### TASK GOAL
Set down, exactly as written, the lines from the top of the data to the line that holds "5月12日,是国家防灾减灾日", and omit the pictures.

### SUPPLIED MATERIAL
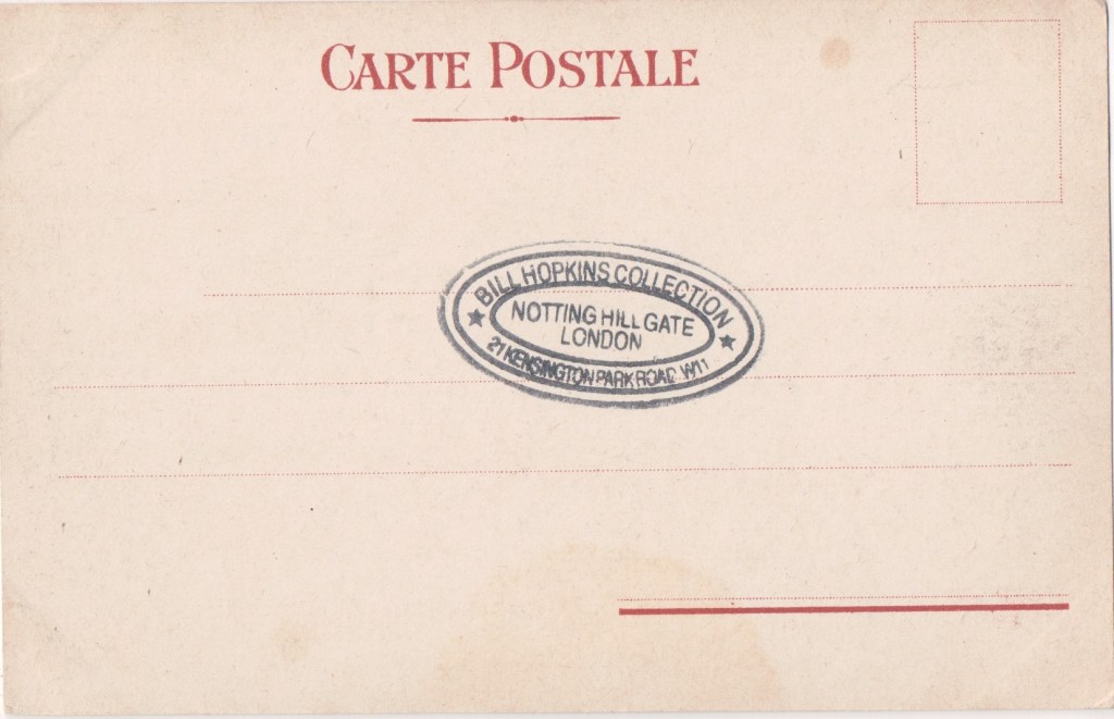 Bill Hopkins (died 2013) was a London-based collector and dealer of long standing with a vast hoard of postcards built up over many years. He set up and ran the Postcard Collector’s Centre in Kensington. Hopkins personalised every card he bought/sold with a handstamp – sometimes twice or more – sometimes with his name etc., sometimes with the London Postcard Centre. In similar vein is the Hogsthorpe Horror (qv).
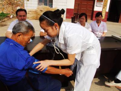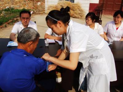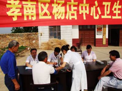 5月12日,是国家防灾减灾日,孝南区中心医院组织专家到双峰山义诊,为群众送医送药。图为专家正在为群众看病。杨金华摄
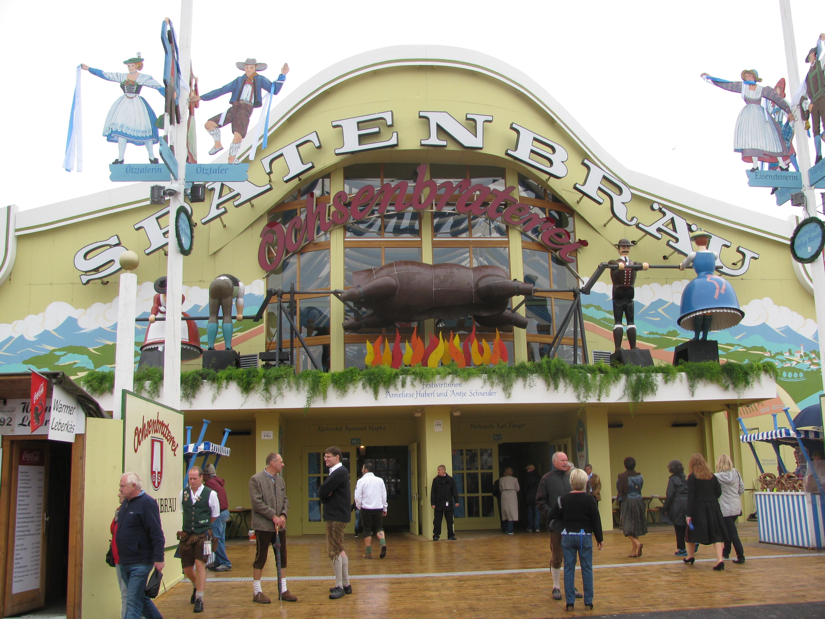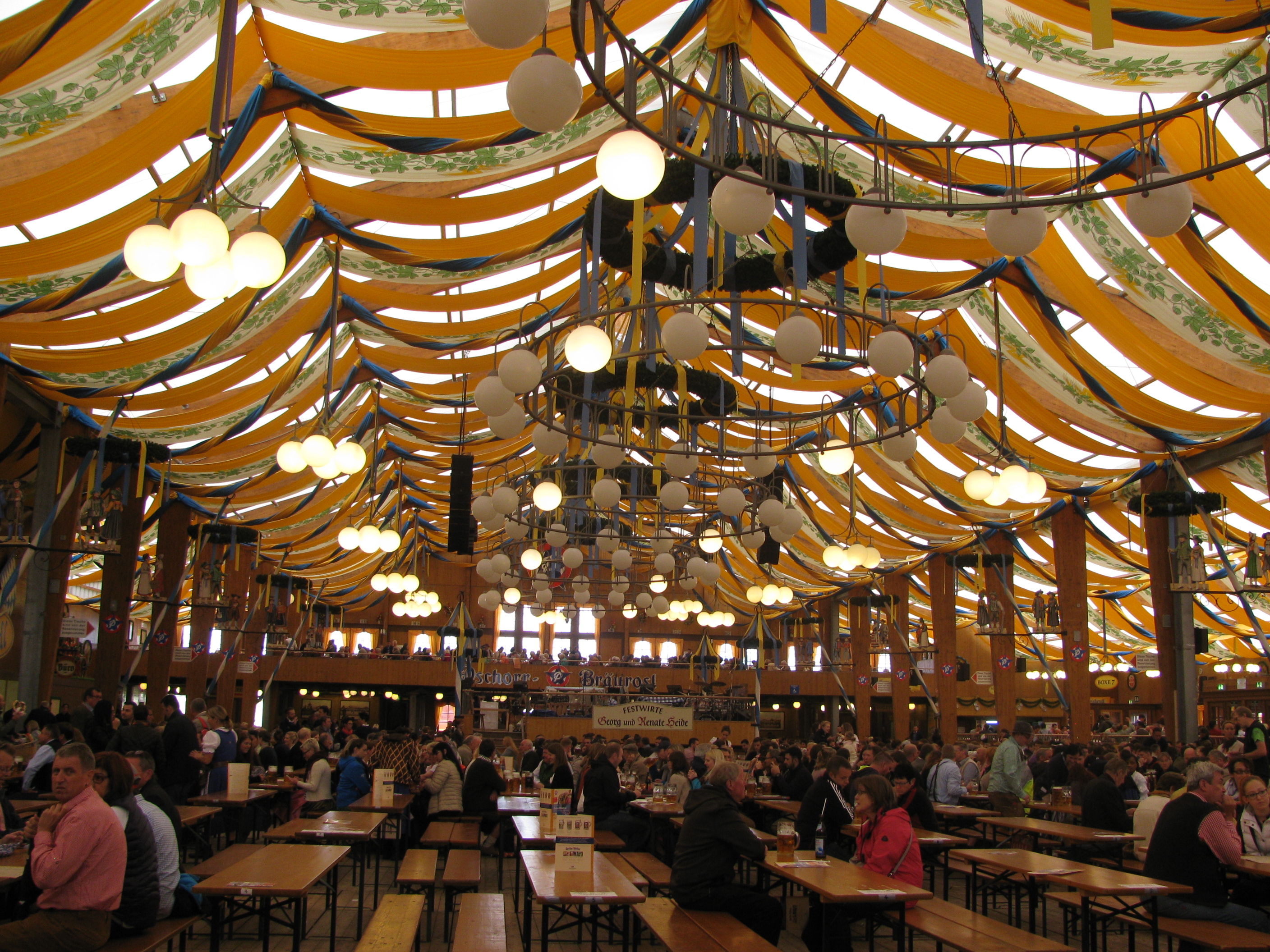 Words and pictures don’t really convey the atmosphere and setup of Oktoberfest. The grounds are huge. There are rides, carnival games, food stations, souvenir sales, and the massive beer tents that make Oktoberfest famous. Each beer company has a tent, and inside are rows and rows of tables, box seating that can be rented, a band in the centre playing “oom-pah-pah” music all day long, food, and of course the massive mugs of beer – 1 litre each! Just watching the servers carry up to seven in each hand is entertainment. According to Wikipedia, 7.7 million litres of beer were served in 2013.

### WRITTEN ANSWER
 Bill Hopkins (died 2013) was a London-based collector and dealer of long standing with a vast hoard of postcards built up over many years. He set up and ran the Postcard Collector’s Centre in Kensington. Hopkins personalised every card he bought/sold with a handstamp – sometimes twice or more – sometimes with his name etc., sometimes with the London Postcard Centre. In similar vein is the Hogsthorpe Horror (qv).
 5月12日,是国家防灾减灾日,孝南区中心医院组织专家到双峰山义诊,为群众送医送药。图为专家正在为群众看病。杨金华摄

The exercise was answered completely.